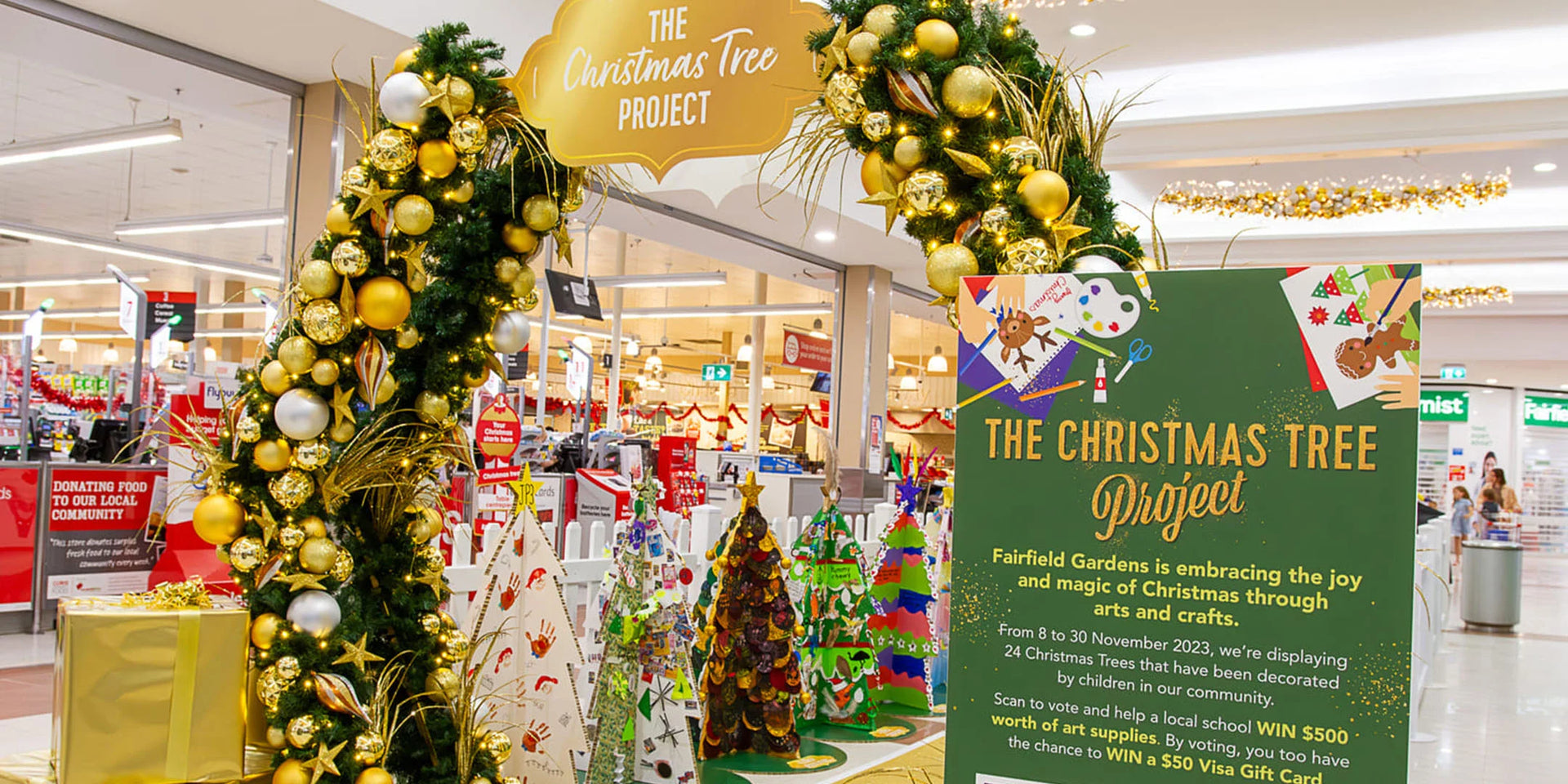 The Christmas tree project display in Fairfield Gardens radiates pure joy and creativity, showcasing a forest of colorful, handcrafted ornaments and whimsical decorations that sparkle with youthful enthusiasm and imagination.
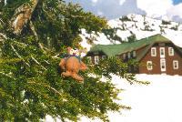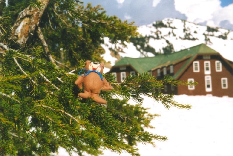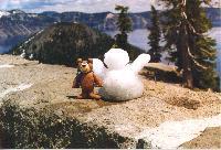 Even in late summer, there is still snow. SugarBear builds a "snow bear".
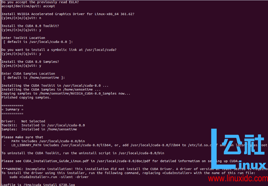 访问cuda_8.0.61_375.26_linux.run文件所在目录,并按照以下步骤完成安装操作
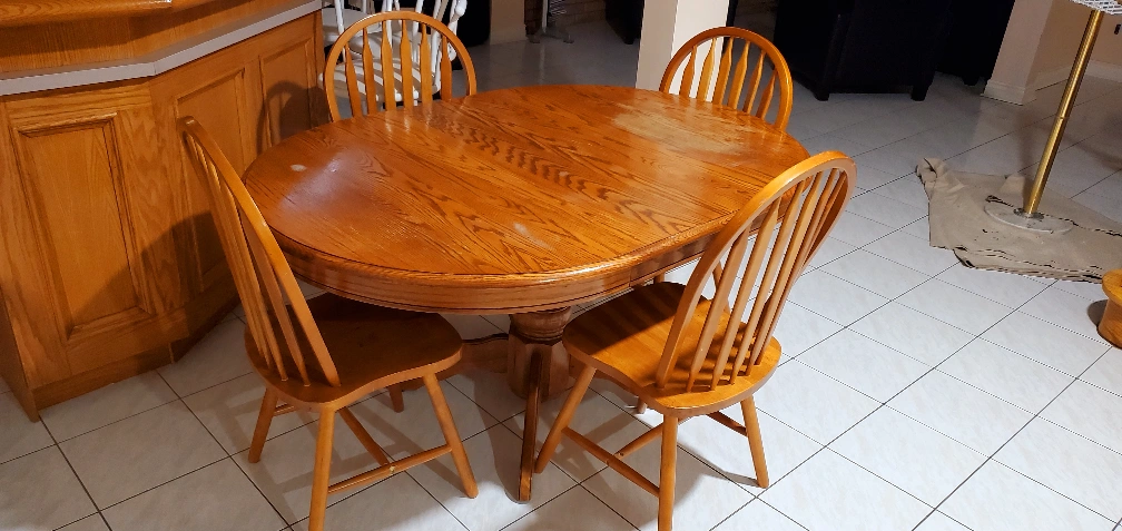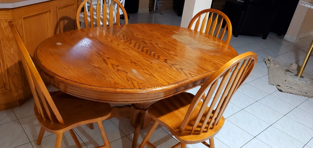 Beautiful oval dining table. Four matching chairs. Solid wood construction. Excellent for smaller spaces. Some minor wear.
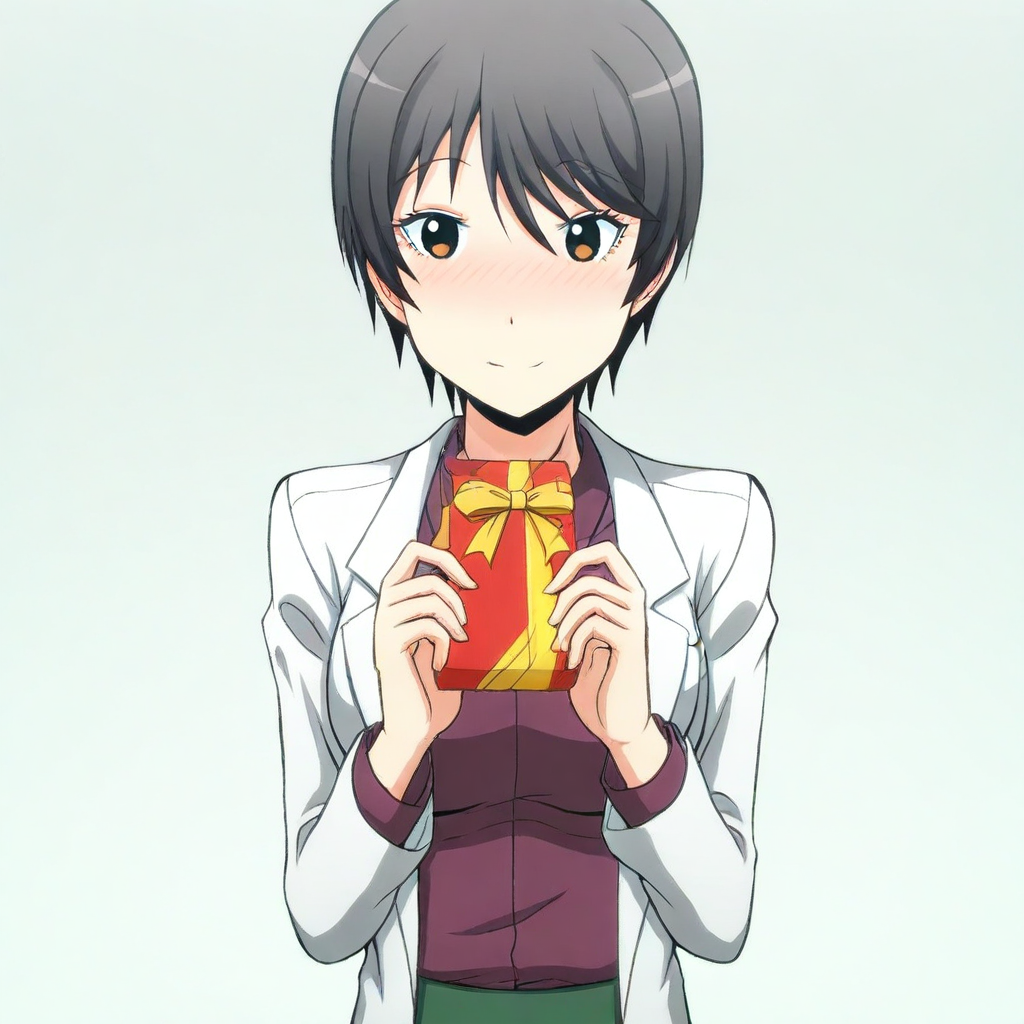 aguri yukimura \(assassination classroom\), black hair, short hair, brown eyes, lab coat, open clothes, dress, skirt, heels, large breasts, 1girl, solo
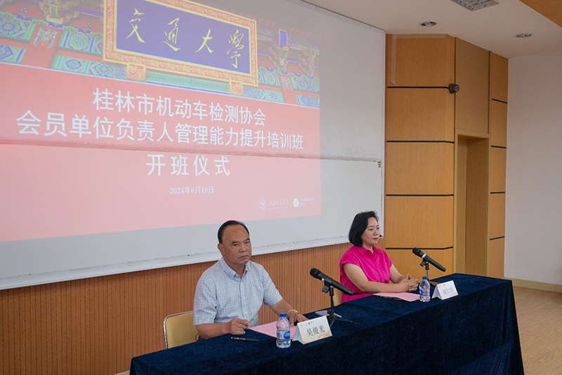 6月19日上午,由sjb世俱杯中国官网入口承办的“桂林市机动车检测协会会员单位负责人管理能力提升培训班”在上海交大长宁校区开班。桂林真龙国际汽车博览园集团董事长、桂林市机动车检测协会会长吴俊光,sjb世俱杯中国官网入口经济管理创新中心副主任田红梅出席开班仪式。桂林市机动车检测协会会员中小微企业董事长、总经理约60人参加了此次培训。
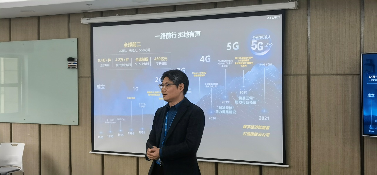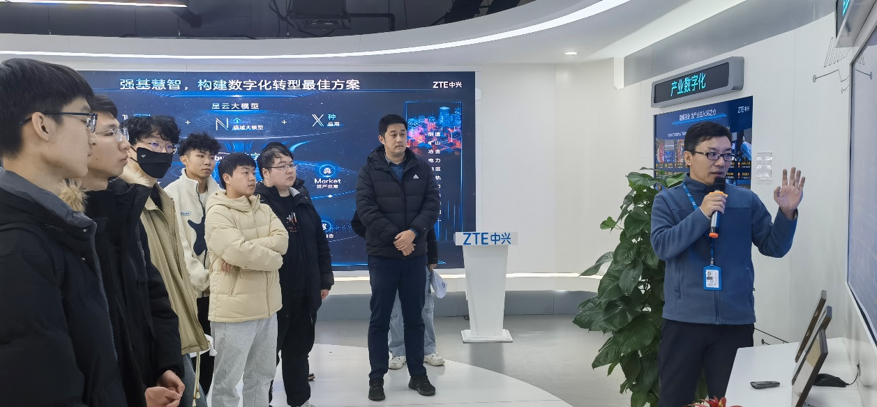 学院一行首先参观了中兴5G行业全球创新中心实验室。通过宣传片及企业方细致的讲解,了解到5G技术在新基建、智能视频、智慧教室、智能政务、智慧交通、智慧电力等方面的前沿应用研究。
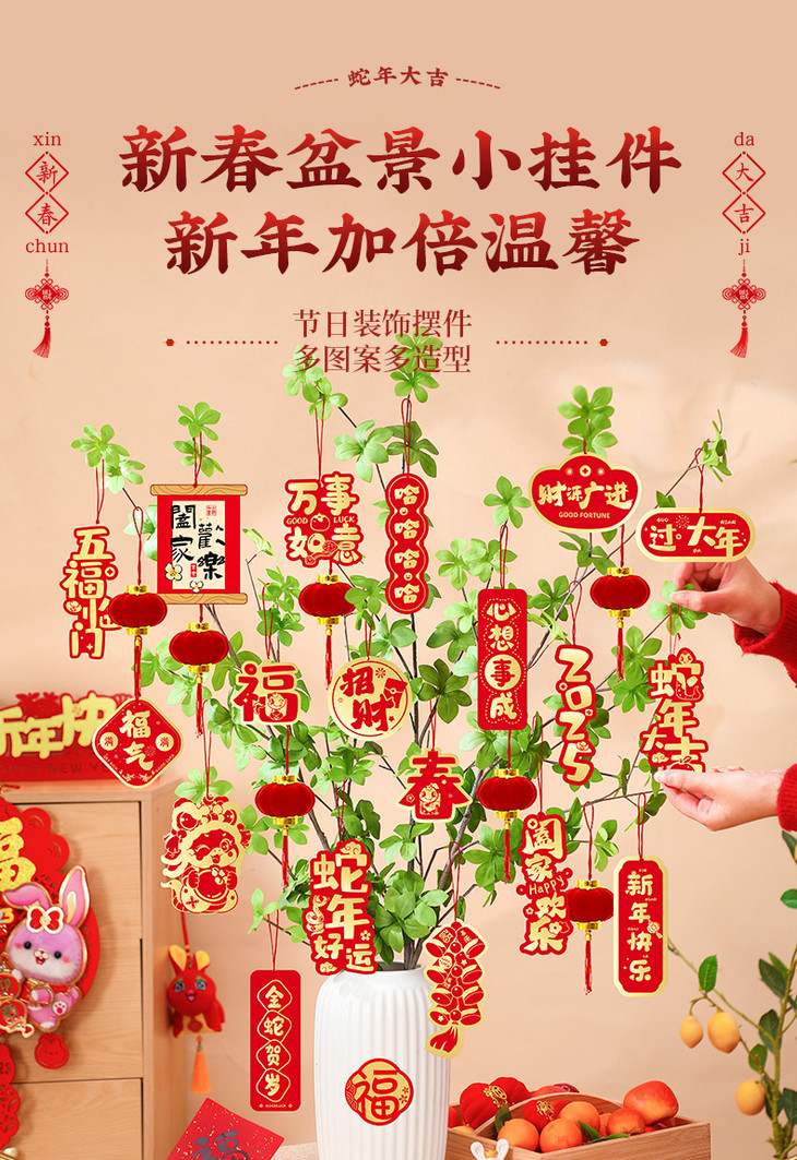 【蛇年限定❗️国潮喜庆小挂件】新年装饰品,元旦盆景发财树上,新春节客厅布置小灯笼,福字春联红包小对联,过年也仪式感满满年货特价清仓器
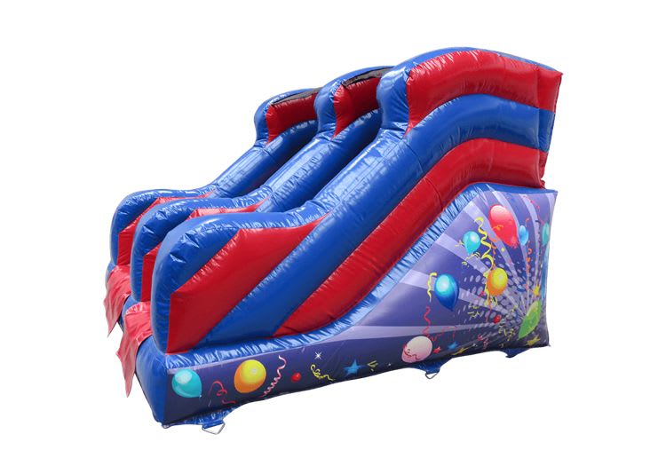 The mini celebration slide is crafted in blue and red to appeal to both boys and girls, and has a vibrant celebration theme on the sides, featuring balloons and streamers, to put everyone in the party mood. Pair it with our 13ft platform celebration slide and you’ll have something for everyone, or match it with the celebration assault course for a dynamic day of action and adventure.
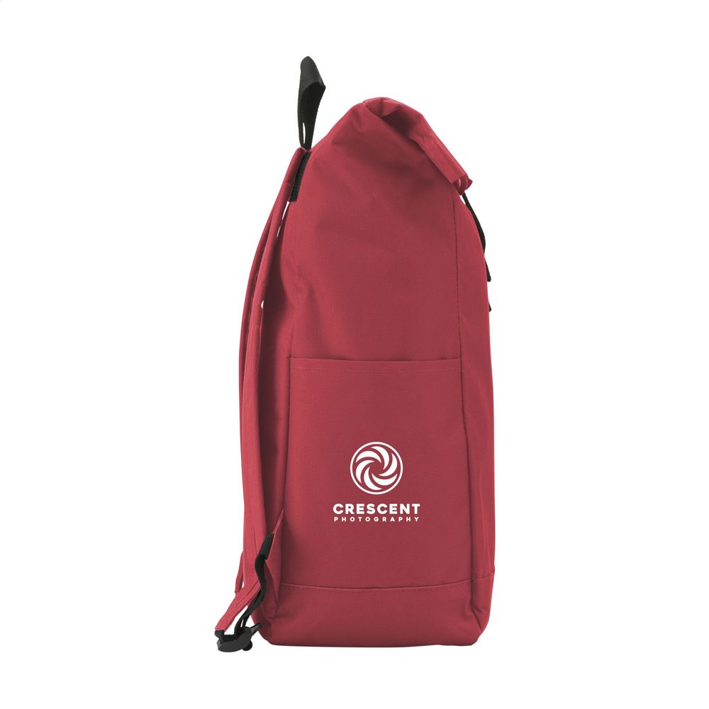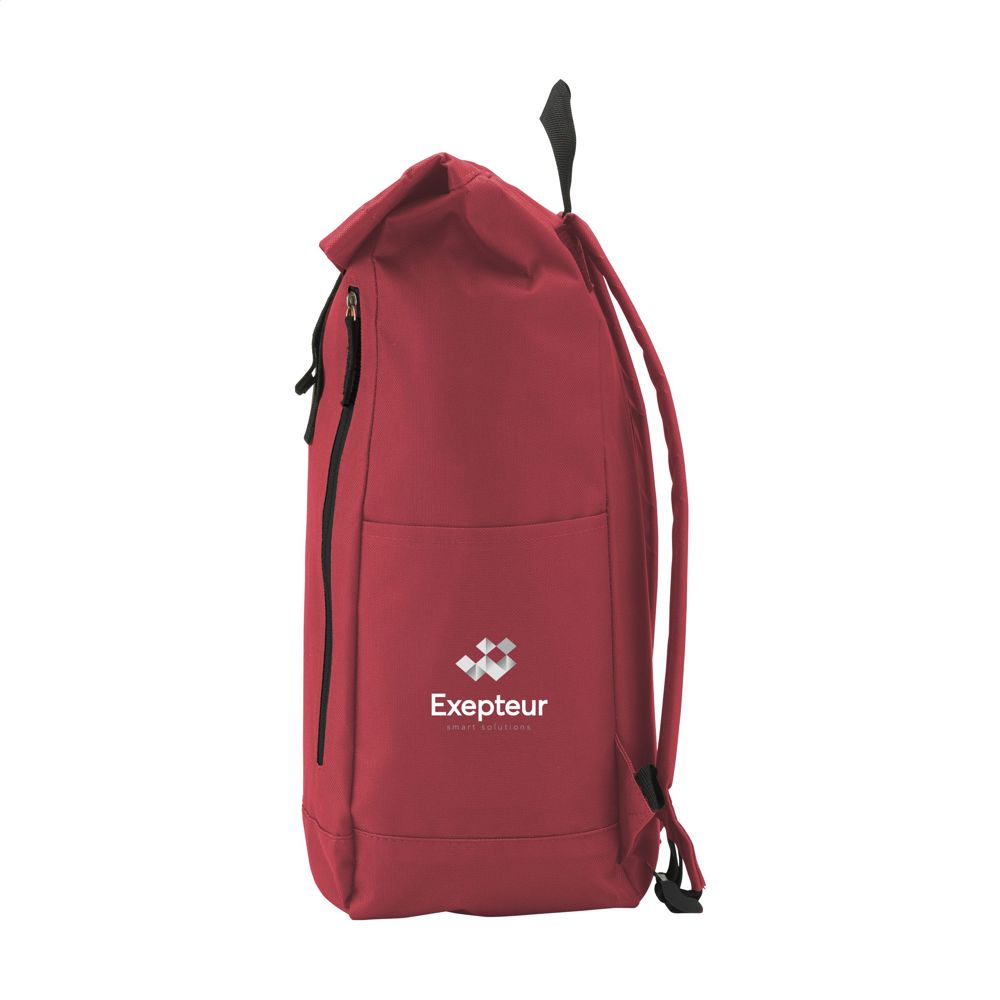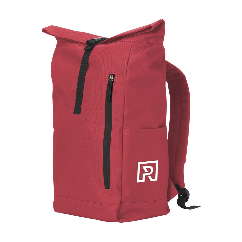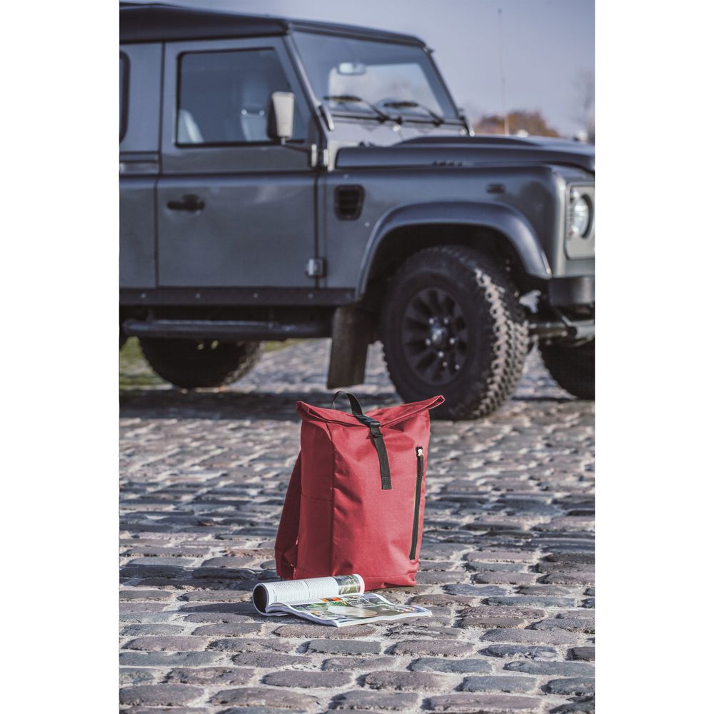 Tough, practical urban 'roll-top' backpack made from strong 600D polyester with water-resistant PVC interior, partially nylon lined. The backpack has one large inner compartment, a pocket on both sides and a large zip pocket on the front. With foam back for increased comfort, padded, adjustable shoulder straps and hand loop. With carrying strap and a roll closure with a handy click system at the top. The perfect bag for daily use. Capacity approx. 18 litres.

> **WHAT NEEDS TO BE DONE**:
Everything above from the line containing "Beautiful oval dining" through the line containing "The mini celebration" must be repeated exactly, and the pictures must be left out.

> **ANSWER BOX**:
 Beautiful oval dining table. Four matching chairs. Solid wood construction. Excellent for smaller spaces. Some minor wear.
 aguri yukimura \(assassination classroom\), black hair, short hair, brown eyes, lab coat, open clothes, dress, skirt, heels, large breasts, 1girl, solo
 6月19日上午,由sjb世俱杯中国官网入口承办的“桂林市机动车检测协会会员单位负责人管理能力提升培训班”在上海交大长宁校区开班。桂林真龙国际汽车博览园集团董事长、桂林市机动车检测协会会长吴俊光,sjb世俱杯中国官网入口经济管理创新中心副主任田红梅出席开班仪式。桂林市机动车检测协会会员中小微企业董事长、总经理约60人参加了此次培训。
 学院一行首先参观了中兴5G行业全球创新中心实验室。通过宣传片及企业方细致的讲解,了解到5G技术在新基建、智能视频、智慧教室、智能政务、智慧交通、智慧电力等方面的前沿应用研究。
 【蛇年限定❗️国潮喜庆小挂件】新年装饰品,元旦盆景发财树上,新春节客厅布置小灯笼,福字春联红包小对联,过年也仪式感满满年货特价清仓器
 The mini celebration slide is crafted in blue and red to appeal to both boys and girls, and has a vibrant celebration theme on the sides, featuring balloons and streamers, to put everyone in the party mood. Pair it with our 13ft platform celebration slide and you’ll have something for everyone, or match it with the celebration assault course for a dynamic day of action and adventure.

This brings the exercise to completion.